Breech-loading swivel guns were used to advantage at the bow and stern on warships, but were also used in fortifications.

Breech loading guns were used by Burgundians as early as 1364. The Portuguese had versos (Berços) in c. 1410, while England has a picture of port-pieces of 1417, although the picture itself was made c. 1485. The Ottomans used the prangi from the mid-15th century onwards in field battles, aboard their ships, and in their forts, where prangis often comprised the majority of the ordnance. These weapons would spread eastward to Indian ocean, eventually reaching Southeast Asia in c. 1460 AD.

In China and Japan, breech-loading swivel guns were brought after China defeated the Portuguese in the 16th century. At the Battle of Xicaowan in 1522, after defeating the Portuguese in battle, the Chinese captured Portuguese breech-loading swivel guns and then reverse engineered them, calling them "Folangji" or "Fo-lang-chi" (佛郎機 – Frankish) guns, since the Portuguese were called "Folangji" by the Chinese. A shipwreck in 1523 apparently brought the gun to China, but the transmission may have occurred earlier. Views diverge on whether the origin of the cannon is Portuguese or Turkish. There was a confusion whether folangji was supposed to be the name of a people (the Portuguese) or name of a weapon. In fact the word folangji represent 2 different words with different etymology. The term folangji as a weapon is related to the prangi carried in Ottoman galleys and farangi used by Babur. The word folangji as an ethnonym (Frankish or Portuguese) is unrelated. The Ottoman prangi guns may have reached Indian ocean before either Ottoman or Portuguese ships did. They may also reach China through the Silk Road. In the History of the reign of Wan Li (萬厲野獲編), by Shen Defu, it is said that "After the reign of Hong Zhi (1445–1505), China started having Fu-Lang-Ji cannons, the country of which was called in the old times Sam Fu Qi". In volume 30 about "The Red-Haired Foreigners" he wrote "After the reign of Zhengtong (1436–1449) China got hold of Fu-Lang-Ji cannons, the most important magic instrument of foreign people". He mentioned the cannons some 60 or 70 years prior to the first reference about Portuguese. It was impossible for the Chinese to get hold of the Portuguese cannons prior to their arrival.

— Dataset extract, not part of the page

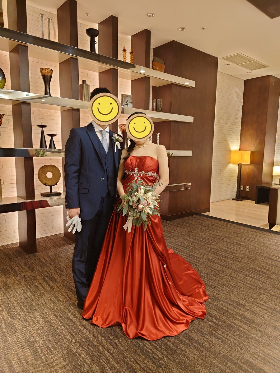 今日は結婚記念日💍𓈒𓏸 結婚式挙げてもう1年経つとは。最悪車椅子も覚悟してたけど歩けて良かったな。ドレスの下はスニーカーなのだw そして何より社会人になってから将来の為に貯金しといて良かった〜DOMOTO要素を入れたくてカラードレスでDOMOTOカラーにした✨ #記念日 #結婚記念日 #綿婚式 pic.x.com/61mPRcsECC

Pelliot viewed that the folangji gun reached China before Portuguese did, possibly by anonymous carriers from Malaya. Needham noted that breech-loading guns were already familiar in Southern China in 1510, as a rebellion in Huang Kuan was destroyed by more than 100 folangji. It may even be earlier, brought to Fujian by a man named Wei Sheng and used in quelling a pirate incident in 1507.

In Japan, Ōtomo Sōrin seems to have been the first recipient of the guns, possibly as early as 1551. In 1561 the Portuguese, allied with Otomo in the Siege of Moji, bombarded rival Japanese position, possibly with swivel guns. In the Battle of Takajō in 1587, Ōtomo Sōrin used two swivel guns obtained from the Portuguese. The guns were nicknamed Kunikuzushi (国崩し, "Destroyer of Provinces").

In the later portions of the Ming dynasty (mid 16th century onward) it appears that these types of guns were the most common and numerous type of artillery used by the Ming forces. a great deal of variation of such cannons were produced, and it appeared in pretty much all of the conflicts of this time, including the Imjin War. Until the introduction of heavy Dutch cannons in the early 17th century, there were even attempts by the Ming to make large heavy versions of such guns.

Other countries also used swivel guns. In Bali, such a gun was found in the possession of the Raja of Badung, and is now located in the Bali Museum. Numerous such guns were also used in Northern Africa by Algerian rebels in their resistance to French forces.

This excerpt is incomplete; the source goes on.